Alternatively, use --to-biom
or --to-tsv
to force a specific output format. This is useful when there are multiple ranks and the output filepath is a directory. Example:
woltka classify ... -r phylum,genus,species -o . --to-tsv
Metadata (see above) will be appended as extra columns to the right of the table.
Likewise, one can convert a TSV file (without metadata) to BIOM format:
biom convert --to-hdf5 -i input.tsv -o output.biom
During the processing of each alignment file, Woltka can optionally write to disk a map of reads to classification units. These "read maps" are informative when the user wants to know how exactly individual reads are assigned. They are useful in a series of downstream applications. For example, Woltka's stratification function can take read maps generated using one classification system (e.g., taxonomy), and stratify assignments based on another (e.g., function). See stratification for details.
The format of a read map is usually as simple as "read <tab> classification unit". If ambiguous assignment is allowed (--ambig
, see classification for details), one or multiple classification units will be joined by comma, and counted by a number following colon if the same classification unit occurs multiple times. Example:
R01 <tab> Ecoli
R02 <tab> Ecoli,Strep
R03 <tab> Ecoli:2,Kleb:3,Cdiff
...
The flag --name-as-id
also applies to the read maps (see above).

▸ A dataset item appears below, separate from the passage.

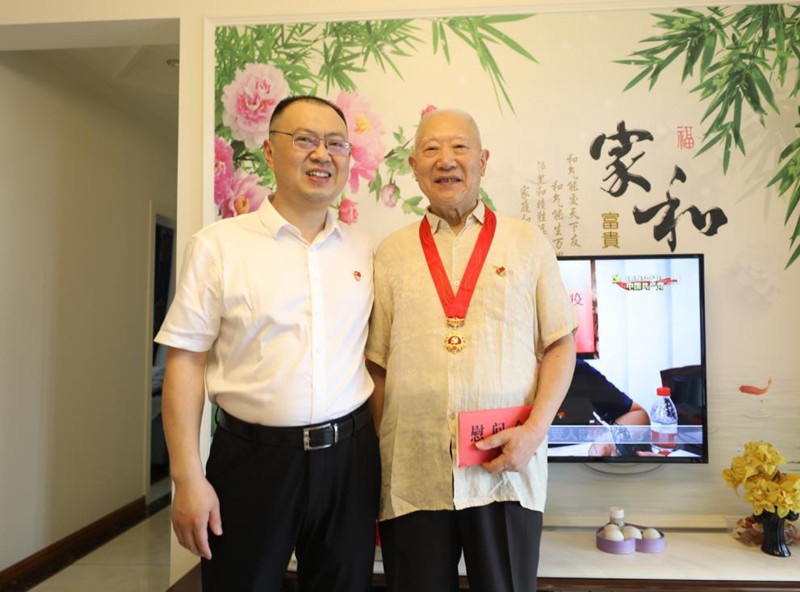 在老黨員劉大榮家里,李旭東關(guān)切地詢問了劉老和老伴的身體狀況及生活現(xiàn)狀,親手為劉大榮同志佩戴上由中共中央頒發(fā)的“光榮在黨50年”紀念章并送上慰問金,祝福老人家身體安康、健康長壽。80多歲高齡的老黨員劉大榮精神抖擻,他用樸素的話語表達了自己的感激之情:“感謝黨的恩情,感謝集團對我們的關(guān)懷!”

To enable writing of read maps, add --outmap <directory>
to the command line. Woltka will write one read map file per sample, named after the sample ID, to the directory. If there are multiple ranks (--rank
) to which reads are classified, Woltka will write read maps at each rank in a separate subdirectory named by the particular rank.

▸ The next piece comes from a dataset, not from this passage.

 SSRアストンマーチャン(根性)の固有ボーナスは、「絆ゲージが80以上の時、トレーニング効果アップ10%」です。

Read maps are typically large -- comparable to the original alignment files, since each read occupies one line. Therefore, Woltka by default compresses them using the gzip algorithm (extension: .gz
). One can select compression method using the --outmap-zip
parameters. Choices are none
, gz
, bz2
and xz
.
For example, with command:
woltka classify ... -s S1,S2,S3 -r genus --outmap maps
In directory maps
, there will be three read map files: S1.txt.gz
, S2.txt.gz
and S3.txt.gz
.
With command:
woltka classify \
...
--samples S1,S2,S3 \
--rank phylum,genus,species \
--outmap outmap_dir \
--outmap-zip xz
In outmap_dir
, there will be three subdirectories: phylum
, genus
and species
, eaching holding three read map files: S1.txt.xz
, S2.txt.xz
and S3.txt.xz
.
Woltka provides several utilities for table manipulation (both BIOM and TSV are supported and automatically recognized). They are:
- Collapse: Collapse a profile based on a source-to-target feature mapping, and/or internal hierarchy of features; supporting many-to-many relationships.
- Coverage: Calculate per-sample coverage of feature groups, such as the completeness of metabolic pathways or core gene sets.
- Normalize: Normalize a profile based on feature sizes and/or into relative abundances.
- Filter: Filter features by per-sample abundance.
- Merge: Merge multiple profiles into one.